Atanamayan öğretmenler Türk Eğitim Sen'den yardım istediler‏

Atanması yapılmayan bir gurup öğretmen Türk Eğitim Sen Adana Şube Başkanı Selahattin Dolgun’a nezaket ziyaretinde bulunarak sorunlarını anlattıl

Atama bekleyen öğretmenler sorunlarını bir dosya halinde Başkan Selahattin Dolğun’a sunarken Türk Eğitim Sen’den yardım istediler.

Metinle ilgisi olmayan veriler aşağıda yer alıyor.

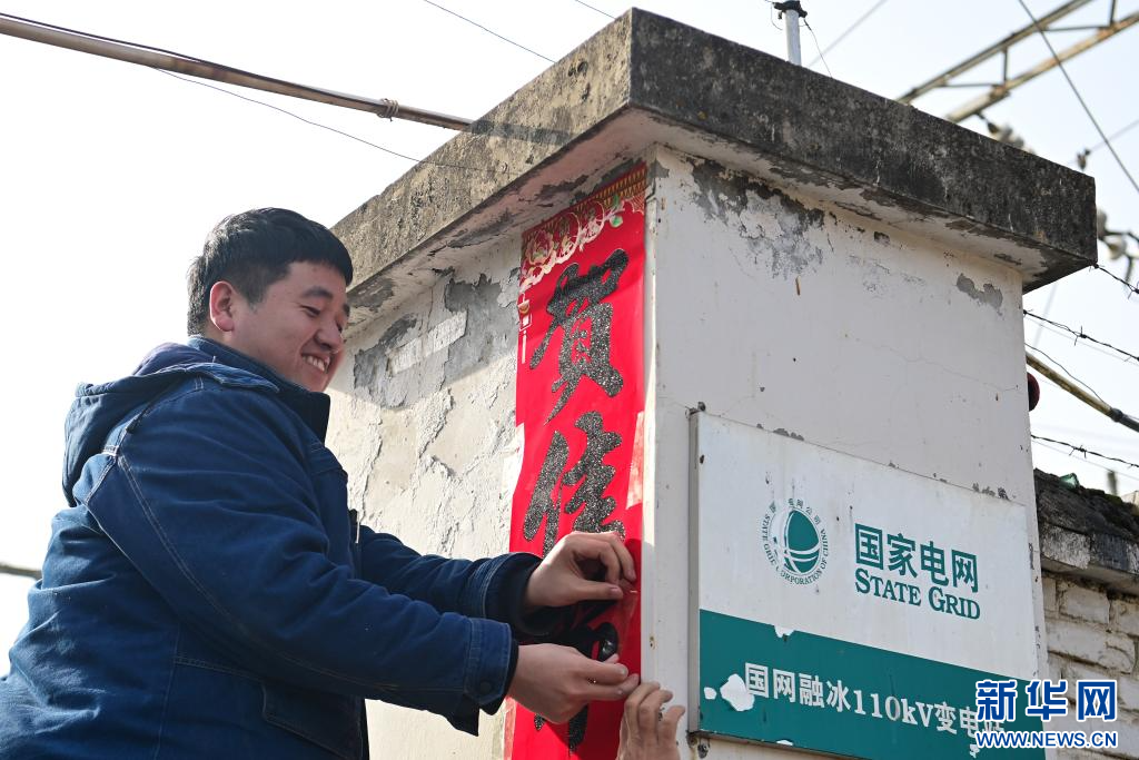 1月28日,国网宝鸡供电公司输电运检中心秦岭输电运维班成员赵鹤在变电站张贴新春对联。新华社记者 邹竞一 摄

Türk Eğitim Sen Adana Şube Başkanı Selahattin Dolğun ise yaptığı açıklamada atanması yapılmayan meslektaşlarının kendilerin yapmış oldukları ziyaretten dolayı memnuniyetini dile getirerek bu genç öğretmen arkadaşlarımıza elimizden gelen desteği vereceklerini   Şubat ayında  ise  en az 40 bin öğretmenin atanacağına dikkat çeken başkan Dolğun, kontenjanların artarak atama bekleyen öğretmenlerin mağduriyetlerinin giderilmesini istedi

 

DOLGUN  ÇOK SERT KONUŞTU

 

Dolgun, okul müdürü değerlendirmelerinde, değerlendirilecek eğitim kurumundan sorumlu ilçe milli eğitim şube müdürünün, Türk eğitim sen üyesine yönelik yanlı değerlendirmesini de sert bir dille eleştirdi.

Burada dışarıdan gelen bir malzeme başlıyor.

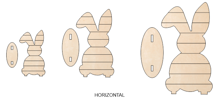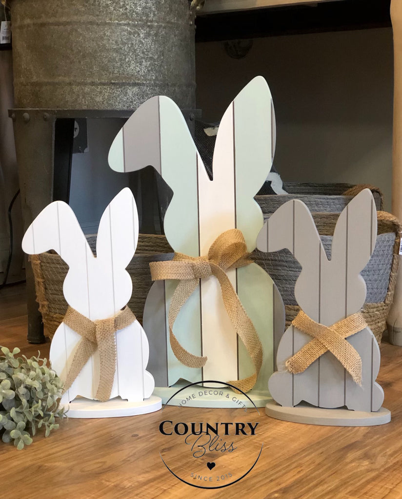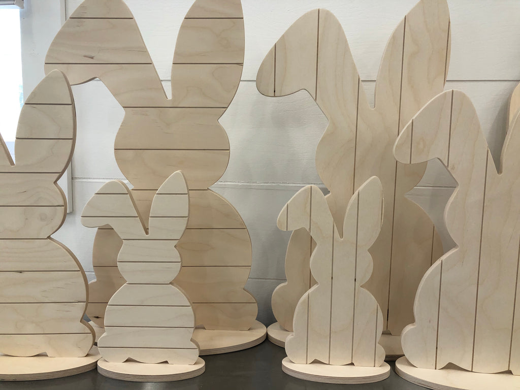It's almost time for Easter!  These Floppy-Ear bunnies are just the cutest thing ever!  Available in single sizes of 12, 18, 24" and also the set of three!  Available in vertical or horizontal pallet lines.  Each bunny includes it's own separate base.

Okul müdürünün değerlendirilmesinde “Eğitim Kurumunun tertip ve düzeni ile hijyen kurallarına uygun olarak temizliğini sağlar” ifadesinin karşısına okulda görevli tüm öğretmenler ‘evet’ yazarken, ilçe milli eğitim şube müdürünün ‘hayır’ yazmasına sert tepki gösteren Dolğun şunları kaydetti:

 

“İlçe şube müdürü eğitim kurumunun tertip ve düzeni ile hijyen kurallarına uygun olarak temizliğini sağlar ifadesine ‘hayır’ diyerek, okul müdürümüze puan vermiyor. Ancak okulumuzda çalışan en kıdemli öğretmenin, kıdemi en az olan öğretmenin, öğretmenler kurulunca seçilen 1. öğretmenin ve öğretmenler kurulunca seçilen 2. öğretmenin değerlendirmesi ise tam tersi evet şeklindedir. Yani dört öğretmen de ilçe milli eğitim müdürlüğü nazarında yalan söylüyor olarak nitelendiriliyor.

 

BİZ GÜVERCİN GİBİ TAKLA ATMAYI BİLMEYİZ

 

Biz şunu biliriz ki; konu temizlik ise bu bizim için imandan gelir. Çalıştığımız kurumu değil, yürüdüğümüz yolu bile kirletmemenin gayretini güderiz. Orada verdiğiniz puanın arkasında durarak yüzümüze de gelip siz ‘pissiniz’ diyebilir misiniz? Yüzümüze söylemediklerinizi neden gizlemeye çalışırsınız? Tüm bu çıkmazlarınız içinde temizlik için okullara ne kadar ödenek gönderdiğinize hiç baktınız mı? Özel okullara öğrenci başına 3500 TL kaynak aktarıldığında kendi okullarınızı düşündünüz mü? Tertipsiz, düzensiz ve pis bulduğunuz okula kaç kere gittiniz? Ne tür bir tertipsizliğe şahit oldunuz? Bunu biz bilemeyiz ama biz bu gördüğümüz tabloda yürekler açısı bir iftira ve utanılası bir puanlama gördük. Okullardan belge ve bilgi istediniz. Tertip ve düzenimizi size göstermek için ne yapsaydık? Mesela takla atsak olur muydu? Ama biz güvercin gibi takla atmayı bilemeyiz. Neden biliyor musunuz? Böyle bir terbiye almadık. Önce ‘Allah yakar’ dendi, sonra ‘baban kızar’ dendi. Hepsini yaşadık ve bir edep edindik. Bırakın birilerine iftira atmayı, başkalarının kusurlarını örtmede gece gibi olmayı amaç edindik. Şimdi diyeceksiniz ki, bizim kusurumuzu da örtseydiniz. İnanın örttük, hem de çok örttük. Ama iş sizin ahretliğinize dayanınca daha fazla susamazdık.”